EXERCISE. What is needed is an exact repetition of the lines from the first one in the data through the line with "温馨提示:微信搜索公众号【赣", with no pictures.

INFORMATION SHOWN.

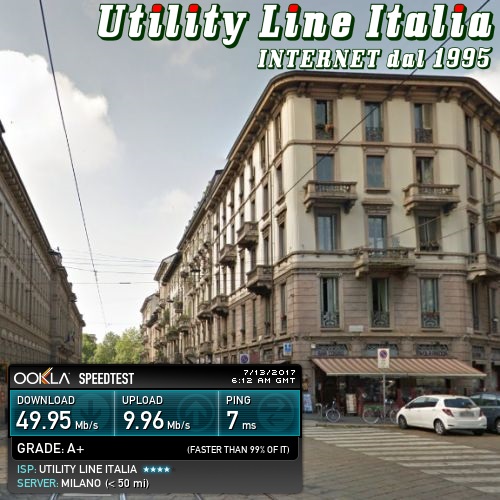 Valori riscontrati: Download=49.95 Mbps - Upload=9.96Mbps
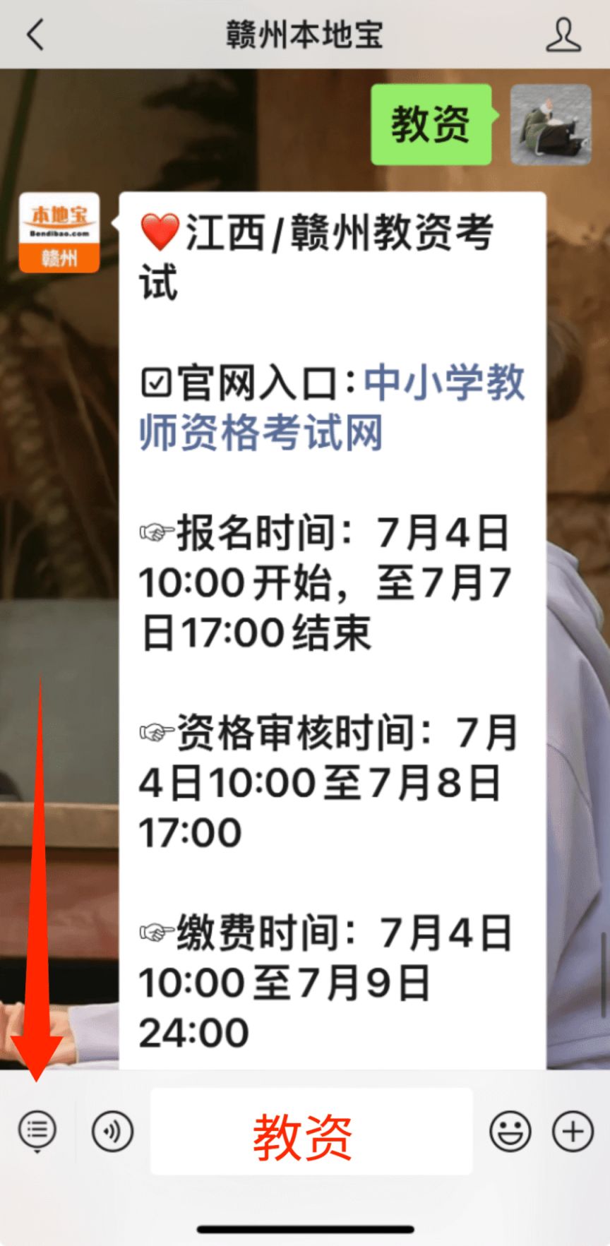 温馨提示:微信搜索公众号【赣州本地宝】,关注后在对话框回复【教资】即可了解2025江西教资考试报名、准考证打印等最新信息。
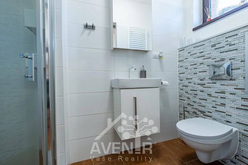 V přízemí vás přivítá prostorný obývací pokoj propojený s kuchyní a špíží, koupelna a také samostatný pokoj s vlastní kuchyňskou linkou a vstupem – ideální pro hosty, pracovnu nebo menší bytovou jednotku. V patře se nachází ložnice, tři další pokoje a velká koupelna.
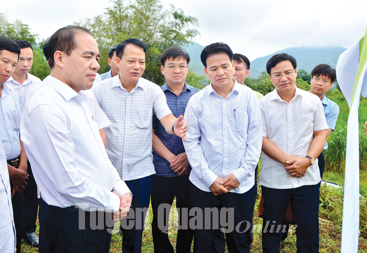 Đồng chí Bí thư Tỉnh ủy Chẩu Văn Lâm cùng các đồng chí lãnh đạo tỉnh khảo sát khu vực xây dựng

WRITTEN SOLUTION.
 Valori riscontrati: Download=49.95 Mbps - Upload=9.96Mbps
 温馨提示:微信搜索公众号【赣州本地宝】,关注后在对话框回复【教资】即可了解2025江西教资考试报名、准考证打印等最新信息。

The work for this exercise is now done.